Есть, правда, еще одна маленькая проблема — туман: футбольный[76] матч, который он мечтал посмотреть, повторная встреча между «Филадельфийскими орлами» и «Чикагскими медведями» на Солдатском поле в Чикаго, идет сейчас на экране телевизора, укрепленного на бежеватой металлической консоли в каких-нибудь двух футах от его лица, но игра, начавшись в двенадцать тридцать, по ходу дела все тускнеет и тускнеет, постепенно поглощаемая «беспрецедентным» туманом, наползающим на поле со стороны озера Мичиган. Телерепортаж мало-помалу свелся к комментарию того, что попадает в поле зрения боковых камер; зрители на трибунах и комментаторы в своей кабине видят даже меньше, чем одурманенный Кролик из больничной койки. «Ах, как артистично забирает кто-то мяч», — сообщает зрителям бывший футболист Терри Брэдшоу, если точно, тот самый Брэдшоу, у которого в матче на Суперкубок в начале восьмидесятых прямо из-под носа, как в цирке, увел мяч везунчик Сталворт. Где-то высоко, в тумане, толпа ревет и стонет невпопад с тем, что происходит на телеэкране, пытаясь следить за игрой по электронному табло. Ведущие репортаж — один черный, с лягушачьими глазами навыкате (не этот ли женился на телевизионной жене Билла Косби?), другой белый с отечным лицом — похоже, до глубины души возмущены поведением Господа Бога: как так, мешать работе «Си-би-эс», испортить такое телешоу, за каждую минуту которого спонсоры платят миллионы долларов и которого с надеждой ждали миллионы болельщиков. Они поочередно задают вслух один и тот же вопрос: почему официальные лица не отменят матч и не перенесут его на другой день? Сам-то Гарри считает туман проявлением высшей милости, поскольку когда он начал вползать на поле, «Орлы» выглядели бледновато: два великолепно отданных Каннингэмом паса пропали впустую из-за тупейшей игры Энтони Тони, а потом еще этот птенец необстрелянный, Джексон, сумел упустить передачу, а ведь был в такой позиции! Игра, все это мельтешение в тумане, — ребята в наплечниках выдвигаются откуда-то из ничего и туда же возвращаются — не лишена своеобразной красоты, неуловимо связанной с новым положением Кролика в качестве неподвижного центра некоего нового мира, причем связь эта самая непосредственная, личная. Ведущие знай талдычат свое: не видали они, дескать, ничего подобного, в жизни своей не видали.

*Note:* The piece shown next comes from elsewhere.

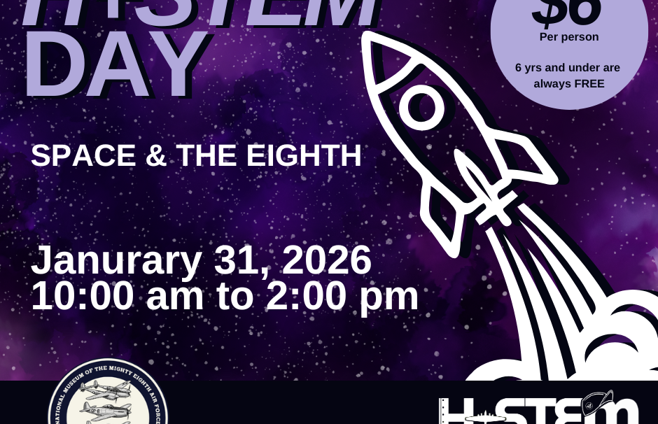 Designed for curious minds of all ages, H+STEM Day features engaging, hands-on activities and interactive exhibits that explore space science, aviation history, and the legacy of the Mighty Eighth Air Force. From problem-solving challenges to immersive learning stations, visitors will discover how history, science, technology, engineering, and math intersect in exciting and unexpected ways.

До него не сразу доходит, что он должен сам что-то изображать в угоду своим посетителям, — недостаточно просто лежать и воспринимать их появление как очередную телепрограмму. Пока идет реклама — здоровенный черный детина демонстрирует исключительную пригодность для спортсменов пива «Миллер», запросто поднимая бильярдный стол и закатывая, как догадывается зритель, все шары в лузу, — он переводит взгляд вниз, на оживленное личико Джуди, такое чистое, лучистое, без единого изъяна, как новенький часовой механизм, и говорит ей заговорщицки:
— Зато теперь мы с тобой знаем, как надо, правда, Джуди? Знаем, как надо менять галс.
— Да — ножницы! — подтверждает девочка, делая руками движение крест-накрест. — Румпель к парусу.
— Все верно, — говорит он. — Только разве не от паруса?
Мысли у него затуманены. Голос звучит как чужой, чей-то незнакомый гнусавый, сиплый голос; глотку дерет от манипуляций, которые с ним производили, когда его доставили в больницу, — что-то связанное с кислородом, он тогда понимал все очень смутно, а потом, благодаря какой-то гадости, которую ему впопыхах впрыснули, и вовсе вырубился.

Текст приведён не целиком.